Aber auf die paar % kommt es nicht an: Eigentlich gibt es auch keine einzige ultimative I-pace, wie die Tabelle 3.2 auf 52ff suggeriert (bezogen auf Daniels 2005), sondern eine I-Zone, die für unsren Kandidaten Ingo z. B. von etwa 3'58/km analog zu einem 11min Lauf und dem schnelleren Ende der Zone bis 4'09 entsprechend der Intensität eines 21 min Laufs reicht. Die entsprechenden HF-Werte liegen bei 97,5 bis 100% HfMax laut Tabelle 2.1 (Daniels 2005:39f). Nochmal: Das sind keine Durchschnittswerte für einen 1000er des Intervalltrainings.
Wenn man in der Spitze nur auf etwa 90% kommt, dann ist man theoretisch eher bei T-Pace. Praktisch mag es da aber diverse Abweichungen geben.

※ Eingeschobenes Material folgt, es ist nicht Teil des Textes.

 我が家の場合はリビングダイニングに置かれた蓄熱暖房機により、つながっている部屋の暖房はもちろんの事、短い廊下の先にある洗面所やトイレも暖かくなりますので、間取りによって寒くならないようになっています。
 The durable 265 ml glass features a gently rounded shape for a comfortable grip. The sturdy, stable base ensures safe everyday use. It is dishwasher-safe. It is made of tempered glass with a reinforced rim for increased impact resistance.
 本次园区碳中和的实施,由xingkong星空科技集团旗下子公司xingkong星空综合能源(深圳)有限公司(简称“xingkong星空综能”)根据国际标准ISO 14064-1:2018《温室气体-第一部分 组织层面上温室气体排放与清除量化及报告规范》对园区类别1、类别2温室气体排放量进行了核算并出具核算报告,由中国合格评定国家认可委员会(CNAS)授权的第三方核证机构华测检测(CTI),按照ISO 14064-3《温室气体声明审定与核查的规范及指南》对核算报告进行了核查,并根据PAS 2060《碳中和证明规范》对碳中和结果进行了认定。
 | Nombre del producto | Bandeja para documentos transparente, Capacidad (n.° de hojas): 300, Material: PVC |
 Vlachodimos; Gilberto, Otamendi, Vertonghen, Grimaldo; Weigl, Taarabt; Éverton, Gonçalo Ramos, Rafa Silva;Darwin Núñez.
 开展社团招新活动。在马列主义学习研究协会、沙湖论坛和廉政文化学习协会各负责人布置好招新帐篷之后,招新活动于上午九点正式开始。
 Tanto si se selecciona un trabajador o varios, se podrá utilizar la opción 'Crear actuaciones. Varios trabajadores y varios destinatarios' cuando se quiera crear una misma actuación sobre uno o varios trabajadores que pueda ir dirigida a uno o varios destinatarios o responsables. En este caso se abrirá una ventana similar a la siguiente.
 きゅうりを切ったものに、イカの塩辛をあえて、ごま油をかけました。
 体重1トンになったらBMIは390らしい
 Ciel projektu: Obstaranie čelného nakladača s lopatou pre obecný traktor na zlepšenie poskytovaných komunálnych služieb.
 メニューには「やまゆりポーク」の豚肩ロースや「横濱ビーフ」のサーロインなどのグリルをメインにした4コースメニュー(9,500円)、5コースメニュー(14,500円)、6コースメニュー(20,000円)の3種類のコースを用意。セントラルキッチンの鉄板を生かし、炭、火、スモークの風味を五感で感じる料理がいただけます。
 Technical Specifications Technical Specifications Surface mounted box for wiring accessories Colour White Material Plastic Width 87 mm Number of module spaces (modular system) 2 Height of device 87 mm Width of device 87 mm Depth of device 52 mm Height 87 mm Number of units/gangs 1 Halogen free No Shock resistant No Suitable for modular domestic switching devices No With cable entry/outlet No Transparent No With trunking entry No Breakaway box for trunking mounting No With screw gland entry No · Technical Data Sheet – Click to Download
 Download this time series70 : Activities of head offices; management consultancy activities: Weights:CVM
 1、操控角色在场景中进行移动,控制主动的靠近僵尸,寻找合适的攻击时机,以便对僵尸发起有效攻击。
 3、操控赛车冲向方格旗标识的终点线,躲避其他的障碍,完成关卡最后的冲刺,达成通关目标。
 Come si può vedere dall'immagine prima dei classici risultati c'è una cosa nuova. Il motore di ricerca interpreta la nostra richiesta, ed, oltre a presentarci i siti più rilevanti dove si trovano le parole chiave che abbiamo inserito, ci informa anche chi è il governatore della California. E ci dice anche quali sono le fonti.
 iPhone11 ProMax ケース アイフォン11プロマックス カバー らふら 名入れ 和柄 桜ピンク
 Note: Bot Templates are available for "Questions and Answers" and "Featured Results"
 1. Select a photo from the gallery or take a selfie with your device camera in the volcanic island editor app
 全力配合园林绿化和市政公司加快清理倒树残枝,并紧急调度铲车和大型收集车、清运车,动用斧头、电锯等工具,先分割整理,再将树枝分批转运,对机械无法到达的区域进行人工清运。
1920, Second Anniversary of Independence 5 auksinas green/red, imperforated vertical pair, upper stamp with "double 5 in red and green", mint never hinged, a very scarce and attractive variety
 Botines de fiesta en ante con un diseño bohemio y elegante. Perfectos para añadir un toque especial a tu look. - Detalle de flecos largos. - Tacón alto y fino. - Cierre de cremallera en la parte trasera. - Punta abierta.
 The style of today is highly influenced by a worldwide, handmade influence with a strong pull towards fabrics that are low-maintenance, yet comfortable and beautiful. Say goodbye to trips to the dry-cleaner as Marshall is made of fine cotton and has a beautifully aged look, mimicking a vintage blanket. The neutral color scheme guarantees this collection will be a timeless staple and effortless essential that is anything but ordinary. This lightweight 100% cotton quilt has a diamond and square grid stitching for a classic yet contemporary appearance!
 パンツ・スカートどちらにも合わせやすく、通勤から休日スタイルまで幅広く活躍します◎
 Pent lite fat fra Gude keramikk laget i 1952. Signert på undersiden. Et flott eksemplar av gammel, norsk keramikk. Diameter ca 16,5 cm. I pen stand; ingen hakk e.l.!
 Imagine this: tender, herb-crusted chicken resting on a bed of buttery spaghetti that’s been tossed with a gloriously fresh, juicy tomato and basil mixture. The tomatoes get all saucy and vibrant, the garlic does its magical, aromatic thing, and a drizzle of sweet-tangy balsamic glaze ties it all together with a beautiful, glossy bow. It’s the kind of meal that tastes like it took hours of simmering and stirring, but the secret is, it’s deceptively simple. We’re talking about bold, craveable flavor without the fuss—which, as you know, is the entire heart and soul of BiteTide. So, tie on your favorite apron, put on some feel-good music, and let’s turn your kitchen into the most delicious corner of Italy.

Die graduelle Nutzung der VO2Max hängt stark von der Trainiertheit ab, die Dauer der möglichen intensiven Belastungen nahe der HfMAx dementsprechend wohl auch, außerdem sollte die „mentale Tempohärte“ da eine große Rolle spielen, dementsprechend auch die Trainingssituation (allein vs. passende Gruppe).
Bei einer Belastung von 1h kann ein ausdauermäßig sehr gut Trainierter bis zu 90% seiner Vo2max nutzen – ein Untrainierter dagegen nur 50%. (Vgl Zintl/Einsenhut 2009: 37).
Bei einer Belastung von etwa 10 min sind es bis zu 100 % der VO2max , bei 30min etwa 95% bei den hoch trainierten Ausdauersportlern. (ebenda.) Und da ist wieder die Übereinstimmung zu Daniels - das schnelle Ende der I-Zone liegt bei einem Tempo, was man etwa 10min halten kann.
Weil sich solche Einheiten sehr schwierig über den Puls steuern lassen, sollte man diese Einheiten imo immer nach Zeit und Belastungsgefühl laufen. Dazu auch regelmäßig den Vdot überprüfen – am besten durch WK in verschiedenen Bereichen, auch Testläufe (time trials) haben gerade in längeren wettkampffreien Phasen ihre Berechtigung.
Wichtig ist: Als wettkampforientierte Läufer trainieren wir für gute Wettkampfergebnisse, nicht für irgendwelche Puls-, Laktat-, VO2Max- oder sonstige Messwerte. Solche Messwerte können helfen, können aber auch immer wieder den Blick auf das Wesentliche erschweren.